373 F. Supp. 603 | D.D.C. | 1974
MEMORANDUM OPINION
This case came on for hearing on the Defendants’ Motion for Summary Judgment. The Plaintiff opposed the Motion alleging a dispute of material fact, but asked in the alternative for Summary Judgment himself. Upon consideration of the pleadings, papers and depositions filed herein, and the arguments of counsel, the Court finds there is no dispute as to material fact and grants the Defendants’ Motion for Summary Judgment for the reasons outlined below.
This is a suit for declaratory judgment. The Plaintiff has been denied a pension on the grounds that he did not meet the requirement of 20 years classified service in the coal industry before retiring. For nearly the total of the Plaintiff’s career in the coal industry, he was a section foreman. Although he did production work similar to the work performed by the miners he supervised, the Defendants found the supervisory job responsibility removed the Plaintiff from the class of people for whom the Fund was established. The Fund agreement specifically states:
“All other employees working in or about the mines shall be included in this Agreement except essential supervisors in fact such as: Mine foremen, Assistant Mine Foremen who, in the usual performance of their duties, may make examinations for gas as prescribed by law, and such other supervisors as are in charge of any class of labor inside or outside of the mines and who perform no production work.”
The Plaintiff’s position is that under the language of this provision, only those supervisors who perform no production work are exempt from Fund
Thus the questions are whether a worker is exempted simply due to his job classification irrespective of his production work and whether this interpretation is arbitrary and capricious.
The language of the agreement on its face appears to include the plaintiff within the class of workers covered by the agreement.
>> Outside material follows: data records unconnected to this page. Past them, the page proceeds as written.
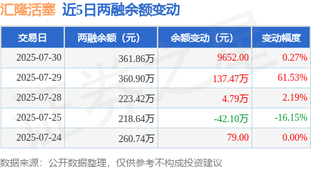 证券之星消息,7月30日,汇隆活塞(833455)融资买入30.47万元,融资偿还29.51万元,融资净买入0.97万元,融资余额361.86万元,近3个交易日已连续净买入累计143.22万元,近20个交易日中有12个交易日出现融资净买入。
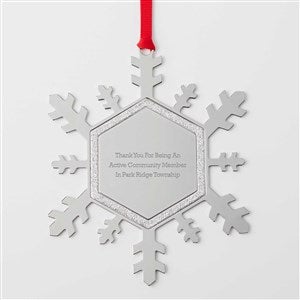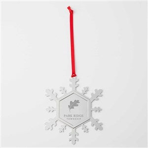 The Personalized Logo Silver Snowflake Metal Ornament is a fun and festive way to gift them a personalized message they'll love to see on their tree for years to come. This silver-tone metal can be engraved on the front and back with any name, logo, and/or text. This ornament makes a great family, hostess, or office holiday gift!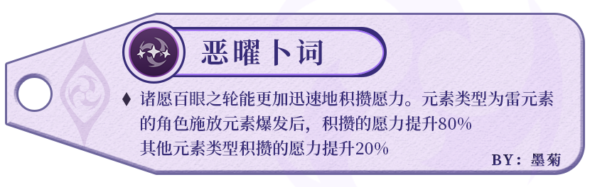 字面意思上来看,该命之座增强了雷电将军的辅助能力,在充能辅的基础上增加了增攻辅的能力。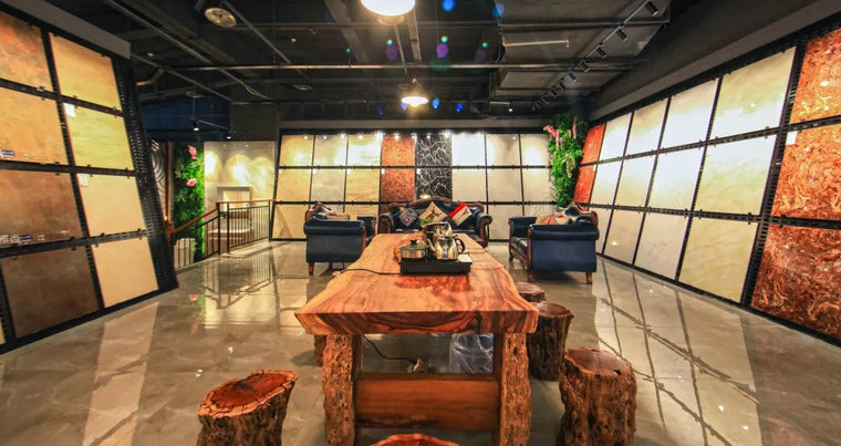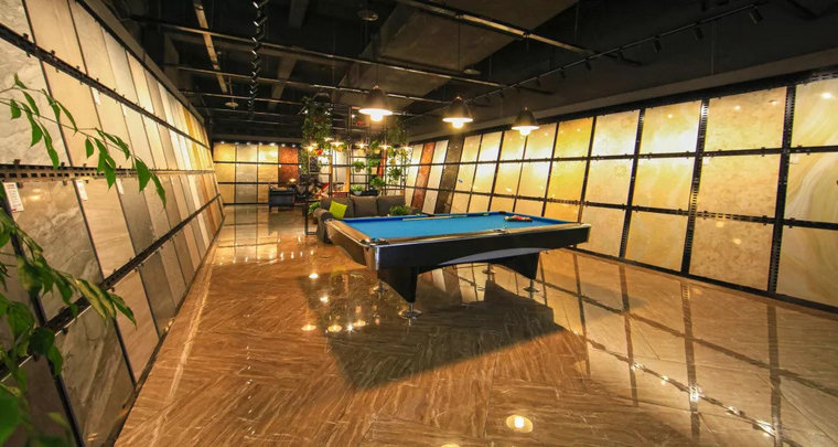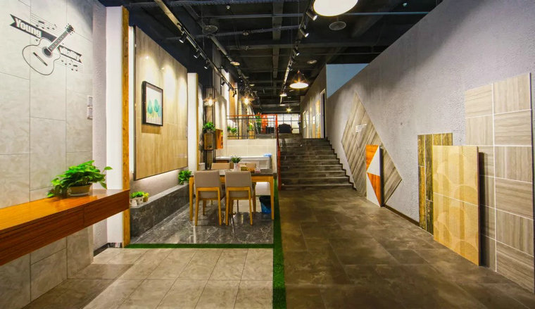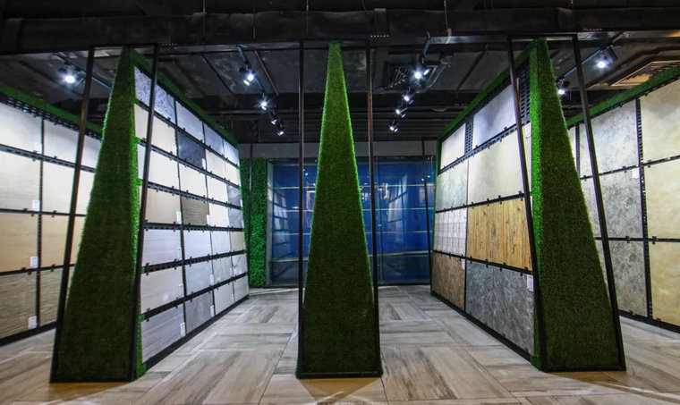 新店的選材區通過(guò)使用多種展架,借助展廳的縱深優(yōu)勢,全規格、全品類(lèi)地展示金達雅陶瓷產(chǎn)品,蔚為壯觀(guān)。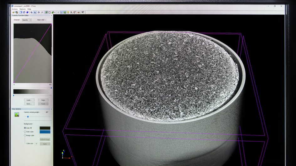von 6: Der Schnee wird mittels Micro-Computertomografie analysiert und in 3D-Modelle umgewandelt und mithilfe von Computersimulationen für die Berechnung von Winterreifenprofilen genutzt.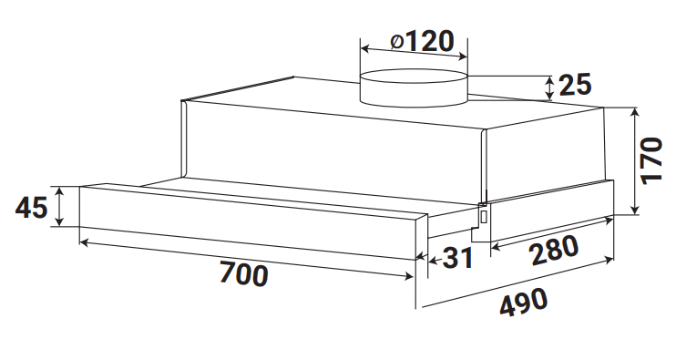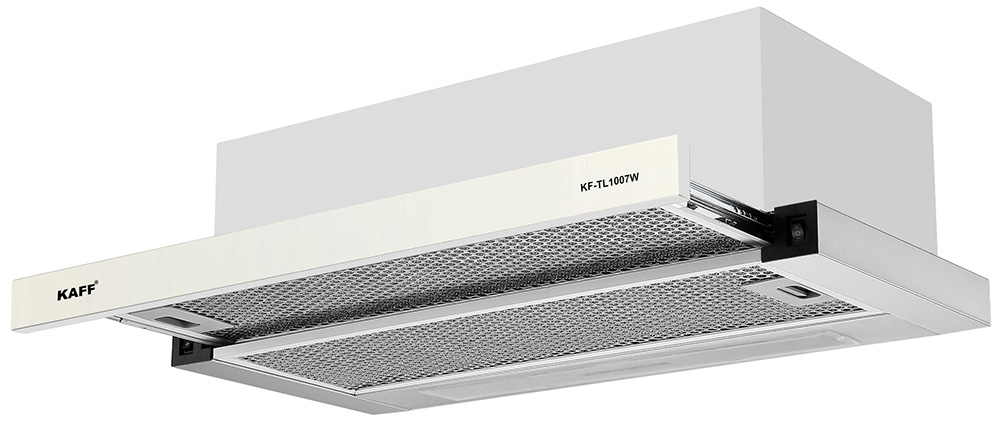 Máy hút mùi âm tủ Kaff KF-TL1007W dạng lắp âm tủ với kích thước 700x280x170mm (kích thước khi kéo ra 700x490x170mm), phù hợp cho không gian bếp nhỏ, hoặc muốn sử dụng không gian phía trên máy làm tủ bếp. Vỏ máy thép phủ sơn tĩnh điện chống gỉ tạo độ bền cao cho máy, toát lên vẻ ngoài sang trọng. Chất liệu này còn có ưu điểm dễ lau chùi, chống bám dầu mỡ và oxy hóa hiệu quả. Thiết bị luôn giữ được vẻ sáng bóng như mới dù sử dụng lâu dài.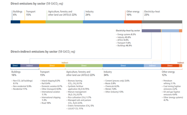 Au niveau mondial en 2019, le secteur économique le plus émetteur est le secteur industriel avec 24% suivi de près par le secteur de la production d'électricité et de chaleur avec 23% des émissions mondiales d'équivalent CO2. Vient ensuite le secteur comprenant l'agriculture, la sylviculture et les activités anthropiques d'utilisation des terres, y compris les incendies de forêt, la déforestation, les feux de tourbe, etc. qui est le troisième plus grand émetteur de gaz à effet de serre avec 22 %. Il est suivi par les émissions du secteur des transports (15 %) et des bâtiments (avec un peu moins de 6 %). Enfin, diverses activités liées au secteur de l'énergie pour 10 %. Bien entendu, tous ces chiffres sont à considérer avec leur marge d'erreur.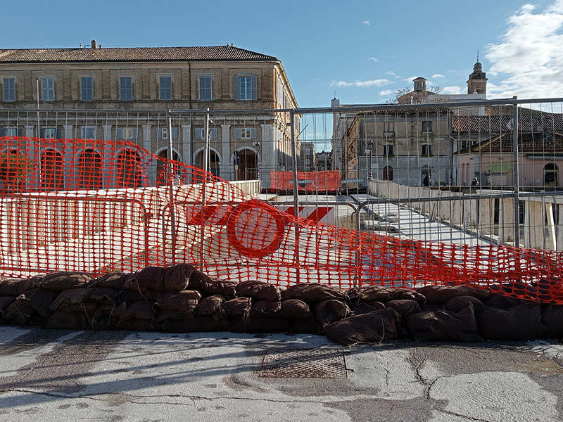 L’onda di piena del Misa del 15 settembre ha incontrato il ponte Garibaldi scavalcando la balaustra e riversandosi a sinistra verso l’ex-Consorzio e a destra lungo i Portici Ercolani. Ai lati del ponte infatti non erano state piazzate paratoie o sacchetti di sabbia per imbrigliare le acque che non hanno trovato ostacoli.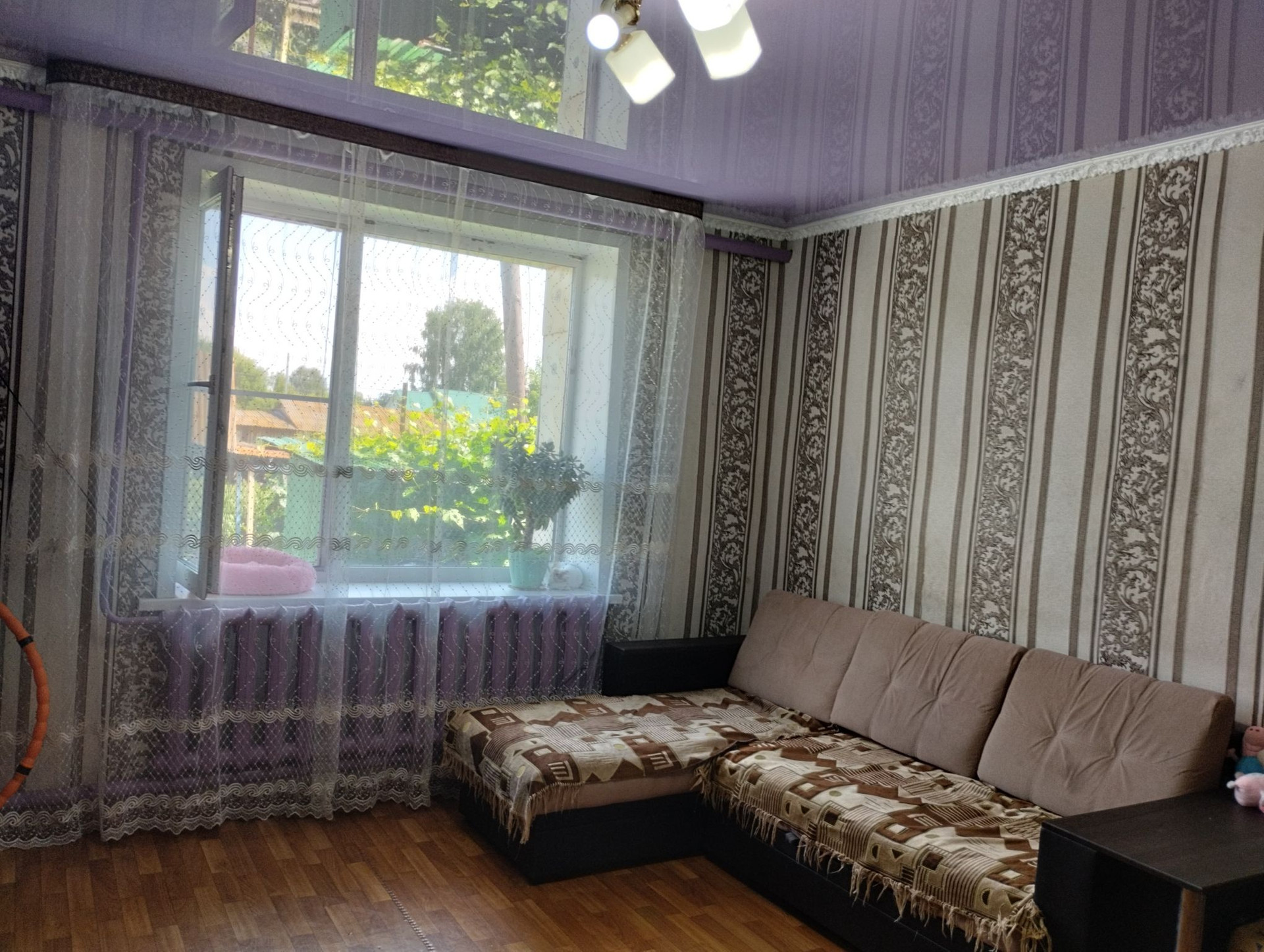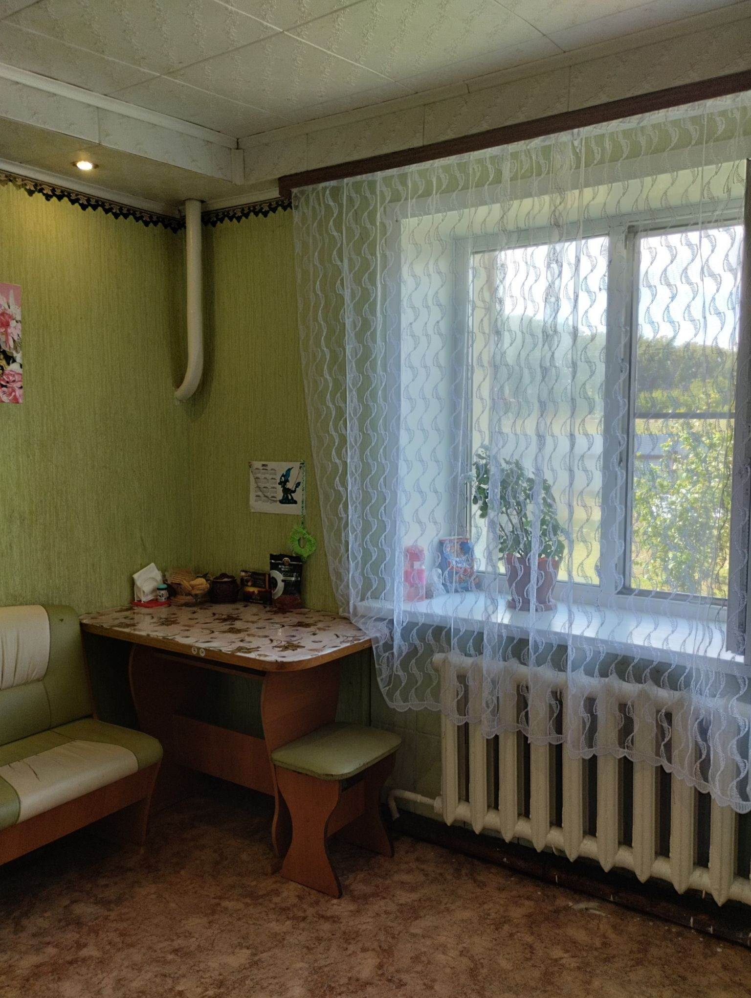 Установлены пластиковые окна . Большой семье -просторная квартира со стильной планировкой :4 комнаты, кухня -10 кв. м, санузел в кафеле, установлена душевая кабина, удобный коридор, отдельно кочегарка.

However, the Court is strongly persuaded that throughout the history of the Fund, the Trustees have interpreted this language to exclude all persons classified as supervisors regardless of the amount of production work they may also perform. This long-standing interpretation and practice by the Trustees is to be given substantial if not controlling consideration in any analysis of the intent of the agreement as expressed by the words of the written documents. Eq. Green v. Obergfell, 73 App.D.C. 298, 121 F.2d 46, 138 A.L.R. 258, cert. denied 314 U.S. 637, 62 S.Ct. 72, 86 L.Ed. 511 (1941); cf. Trafficante v. Metropolitan Life Insurance Co., 409 U.S. 205, 93 S.Ct. 364, 34 L.Ed.2d 415 (1972).
Furthermore, the Court finds the application of this interpretation in the Plaintiff’s case was neither arbitrary nor capricious. The Defendants’ denial of the pension was consistent with their past practices. Although the Plaintiff feels entitled to a pension since every ton of coal he assisted to produce added forty cents to the Fund, he was aware of the distinctions attendant his classification as a section foreman and never made any attempt to contest that classification. He definitely was considered part of management and not part of the collective bargaining unit as were the in-fact production workers. The Defendants’ determination has a rational basis — to maintain the res to provide pension benefits for those workers who simply produce coal and do not obtain the benefits which flow from a managerial position.
For these reasons the Court will enter an Order of even date granting the Defendants’ Motion for Summary Judgment and denying the Plaintiff’s Motion for the same.